Et qu’est-ce que le pain et le vin ? Ce sont tout d’abord des aliments non sanglants, non issus du massacre d’un être vivant. Mais ce sont encore deux réalités d’ordre végétal qui, dans cet état, n’existent pas sur terre. On ne récolte pas du pain sur un arbre, et on ne tire pas le vin des tiges de la vigne, pas même de ses feuilles. Le pain et le vin n’existent pas dans la nature, mais proviennent d’une transformation de la nature effectuée par l’être humain. Grâce à l’intelligence qu’il a reçue de Dieu, celui-ci a inventé une manière plus durable, plus consistante, de manger les fruits de la terre : il faut certes du blé ou un autre type de grain, mais il faut aussi, et nécessairement, une bonne dose de travail humain. Non seulement le travail du cultivateur, qui va labourer son champ et moissonner son blé ou son orge, mais encore celui du meunier, puis celui du boulanger, qui vont transformer ce produit naturel en produit dérivé. Notre rite d’offertoire l’exprime à merveille : « Tu es béni Seigneur, Dieu de l’univers, toi qui nous donnes ce pain, fruit de la terre et du travail de l’homme […] Toi qui nous donnes ce vin, fruit de la vigne et du travail de l’homme… »

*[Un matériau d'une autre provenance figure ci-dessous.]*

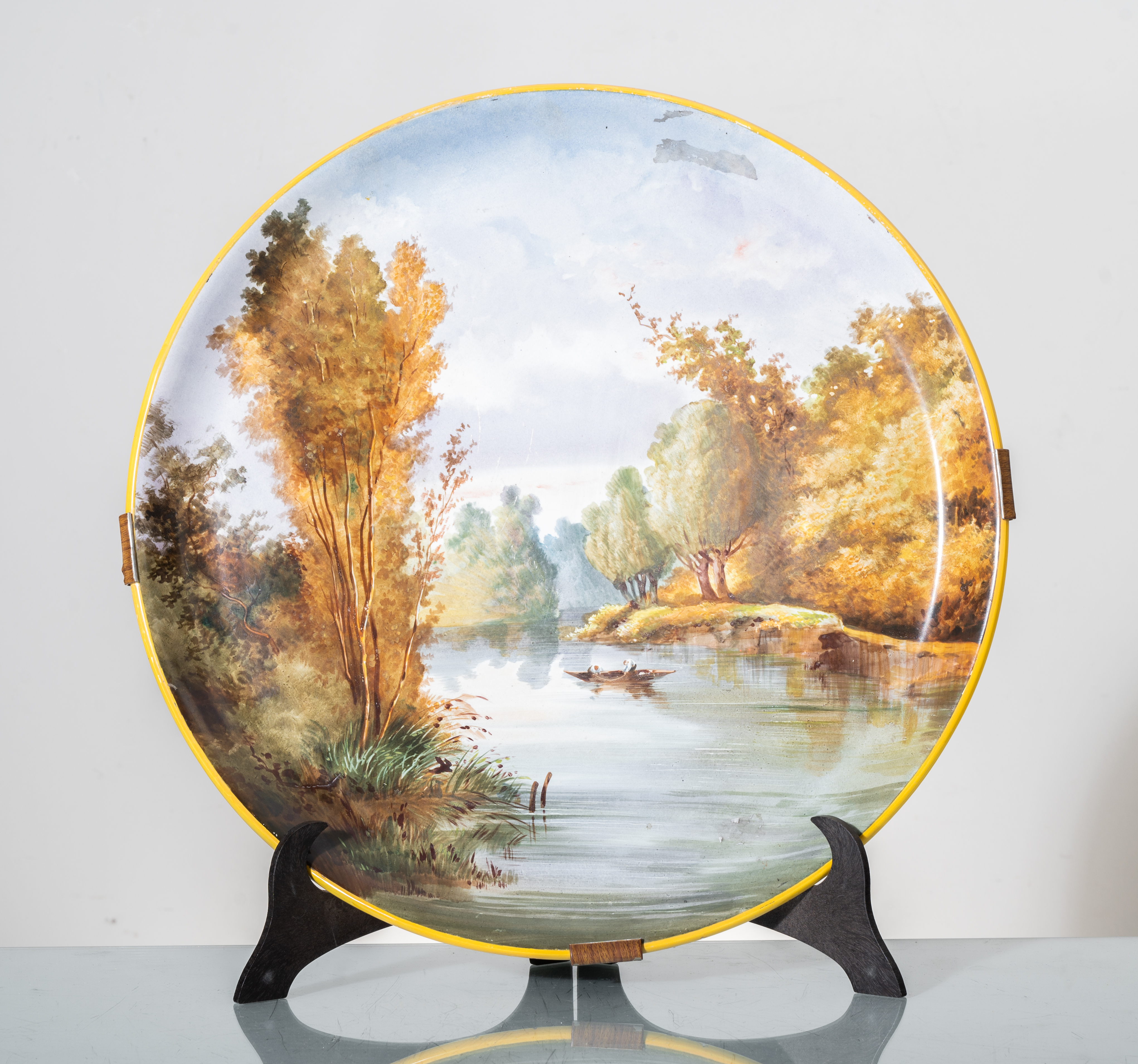 Grande piatto in ceramica dipinta raffigurante "Paesaggio fluviale".

L’eucharistie, que nous honorons tout particulièrement en ce jour de fête, n’est donc pas tombée du ciel comme un cadeau tout cuit, prêt à l’emploi : il y faut la main de l’homme, le travail de cet être créé à l’image de Dieu. Le sacrement qui nourrit les croyants exprime de manière étroite la collaboration que Dieu attend de nous, sa plus chère créature. Nous sommes les collaborateurs de Dieu, clame saint Paul (par ex., 1 Co 3,9). Dans ce sacrement il n’y a rien de magique ; à chaque fois que nous le célébrons, il nous ramène à notre vocation de collaborateurs de Dieu, il nous invite à croire en ce Dieu qui fait alliance avec nous d’une façon si profonde.